Quelles résistances individuelles, collectives alors que cette question est une pomme de discorde, souvent générationnelle, qu’il nous manque argumentaire efficace et Collectifs agissant face notamment à l’OCDE qui brandit l’urgence, la nécessité, le pilotage stratégique pour promouvoir le tout numérique, dans un contexte de marchandisation de l’éducation. L’auteur appelle à désobéir face à cette technologie utilisée pour discipliner, contrôler, disqualifier et déplacer une “main d’oeuvre” considérée comme une marchandise. L’hypnose exercée par le numérique pour aller vers une université dématérialisée, une cyber éducation est une impasse car distraire n’est pas apprendre, apprendre renvoie au savoir critique. D’aucuns avancent  comme inéluctable “l’humanisme numérique”, après l’humanisme bourgeois et démocratique, pour Bernard Legros, auteur de “l’appel pour une école démocratique”, il est urgent, nécessaire de contester le discours sur la neutralité des techniques, de refuser l’injonction numérique qui impose un tempo, celui du marché, du consumérisme, de la capture de l’avenir et des utopies et travailler à penser l’Université !
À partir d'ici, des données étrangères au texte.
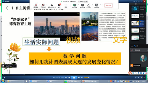 這次線上教研活動是大連教育學(xué)院響應(yīng)市委、市政府號召,立足本職工作,為我市營商環(huán)境建設(shè)做貢獻(xiàn)而設(shè)計(jì)的一項(xiàng)實(shí)踐工作。在小學(xué)學(xué)段“少年正當(dāng)時(shí)拼搏向未來”系列化主題下,數(shù)學(xué)學(xué)科結(jié)合數(shù)學(xué)學(xué)科特點(diǎn)和小學(xué)生年齡及認(rèn)知基礎(chǔ)設(shè)計(jì)了“細(xì)‘數(shù)’大連發(fā)展”的主題實(shí)踐活動課,取得了很好的效果。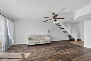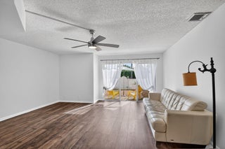 RENOVATED AND CONVENIENTLY LOCATED 2-bedroom, 2.5-bath home. Just under 2 miles from Okeeheelee Park, a brisk walk to the renovated Veterans Memorial Park, close to the Florida Turnpike, I-95, Schools, Restaurants, and Supermarkets. Boasting a stunning UPDATED kitchen with tile floors and brand-new stainless steel appliances. Light and bright, freshly painted interior, with wood-look laminate flooring throughout. New HVAC & new roof (2023). Residents enjoy the sparkling community pool, walking paths, and the lively, dazzling lake with a fountain in the center. The spacious fenced-in patio area allows for gatherings, gardening, and true relaxation. This is one you don't want to miss.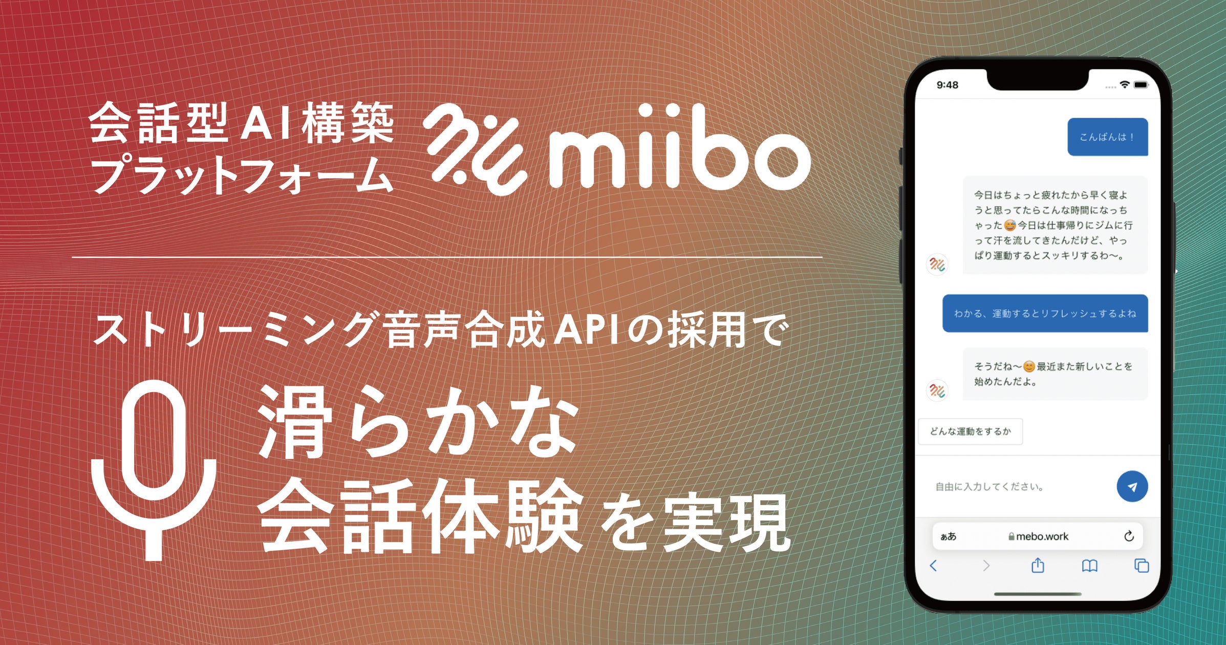 株式会社miiboは、株式会社エーアイの入力ストリーミング音声合成APIを採用し、考えながら喋るAIとの滑らかな会話体験を実現するソリューションを開発しました。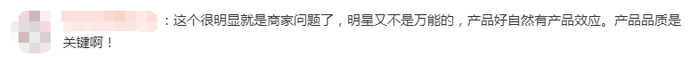 有网友认为,花300万元请明星直播带货只卖了20多万元,算是企业投资失败。还有人表示,明星不是万能的,产品品质才是关键。你怎么看?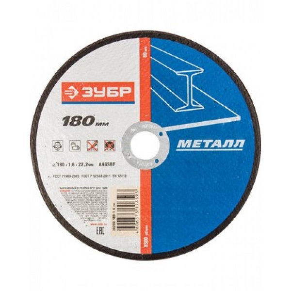 Круг отрезной абразивный ЗУБР по металлу, для УШМ, 180х2,5х22,2мм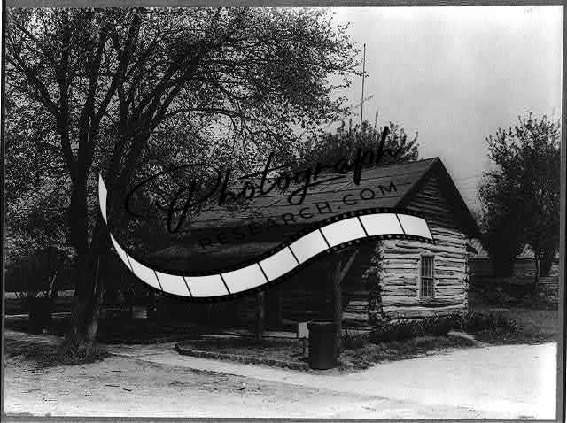 Summary: Photograph shows exterior of an old dilapidated log cabin.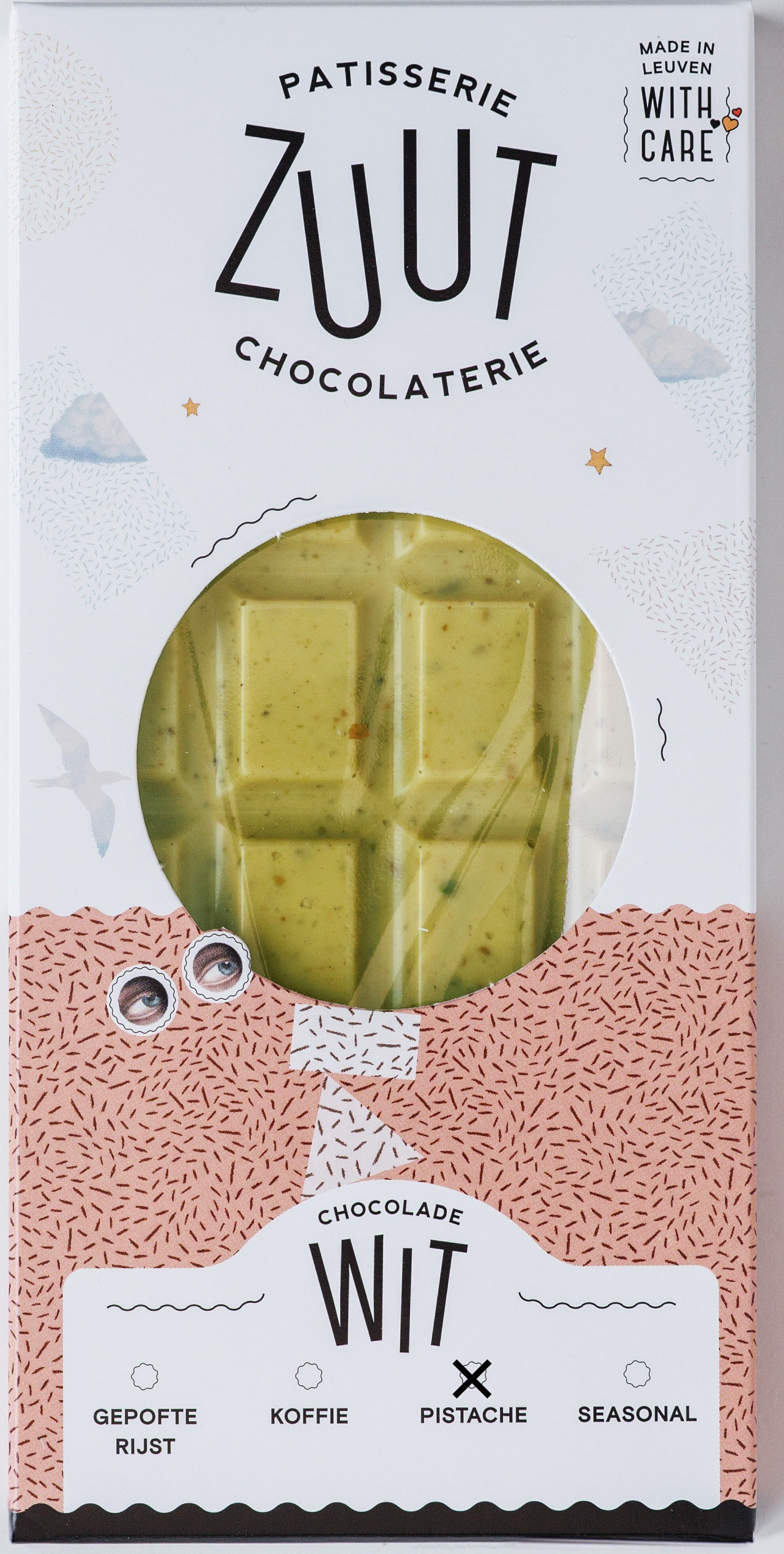 ホワイトチョコレートにピリッと塩味の効いたピスタチオの香ばしさが飽きさせな風味を醸し出すタブレット。

Pour Nicholas Carr, penseur critique majeur du numérique aux États Unis, il s’agit également d’une question de santé publique avec des niveaux d’attention, de mémorisation d’élaboration des étudiants en baisse. Le numérique présenté par des “croyants” comme la quatrième révolution industrielle occulte les dégâts sur “nos paysages intérieurs et extérieurs”. Parler d’humanité numérique est un contre sens car il s’agit d’une expertise technique qui constitue en soi un geste politique pour neutraliser la critique des pouvoirs dominants. Or l’humanité c’est précisément la pensée critique et la contestation de l’autorité.

S’appuyer sur des éléments précis

Les autres contributions sont toutes aussi intéressantes et les annexes permettent  de se remettre en tête ce qui est à l’œuvre : 1986, début de l’informatique à l’école, vers 2010 émergence de contre pouvoir hélas insuffisants (CNRBE, appel de Beauchastel, Écran total…) pendant que fichage, évaluations par compétences et autre LSU, très dépendants du numérique, s’installaient dans chaque salle de classe, pendant que les enseignant·es, dans leur grand majorité, se soumettaient, piétinant ainsi les questions éthiques liées à notre métier. 

En 2016, la loi “travail” instaure dans la continuité le compte personnel d’activité avec ses quatre grandes compétences à tiroirs, disqualifiant ce que devrait être l’évaluation en même temps que l’évaluateur !  

S’insubordonner, cet ouvrage donne des éléments précis pour le faire car nous le savons toutes et tous : l’éducation ne pourra, ne devra pas être l’exécution de procédures numérisées visant à se comporter conformément, mais bien un échange entre des êtres humains visant les transmissions de connaissances, les questionnements, les recherches, la pensée critique.

Le lire, le faire lire pour avoir la force d’être davantage résistant·es !  

E. Lefevre

Critiques de l’école numérique, coordonné par Cédric Biagini, Christophe Cailleaux, François Jarrige, éditions L’échappée, octobre 2019, 448 p., 25 €.